If \(f(x)\) is differentiable at \(b\), then \(f'(b)\) exists:
\[f'(b) = \lim_{x→b} \frac{f(x) - f(b)}{x - b}\]
We want to show that \(f(x)\) is continuous at \(b\) by showing that \(\lim_{x→b} f(x) = f (b)\). We can rewrite \(\lim_{x→b}\) as:
\[\lim_{x→b} f(x) = \lim_{x→b}(f(x)-f(b)+f(b))\]
Multiply and divide \(f(x) - f(b)\) by \(x - b\):
\[= \lim_{x→b} \left( \frac{f(x)-f(b)}{x-b}(x-b) + f(b) \right)\]

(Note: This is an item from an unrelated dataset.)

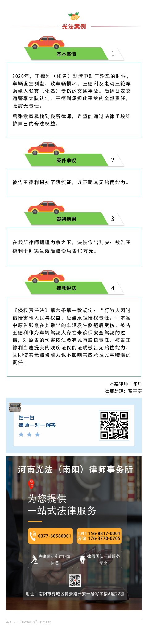 光法案例|有残疾证是否可以不承担民事赔偿责任

Using the sum law and the product law:
\[= \left(\left(\lim_{x→b} \frac{f(x)-f(b)}{x-b}\right) (\lim_{x→b} (x-b))\right) + \lim_{x→b}f(b)\]
If we evaluate it:
\[= (f'(b) (0) ) + \lim_{x→b}f(b) = \lim_{x→b}f(b)\]
Since \(\lim_{x→b}f(x)=f(b)\), we conclude that \(f\) is continuous at \(b\).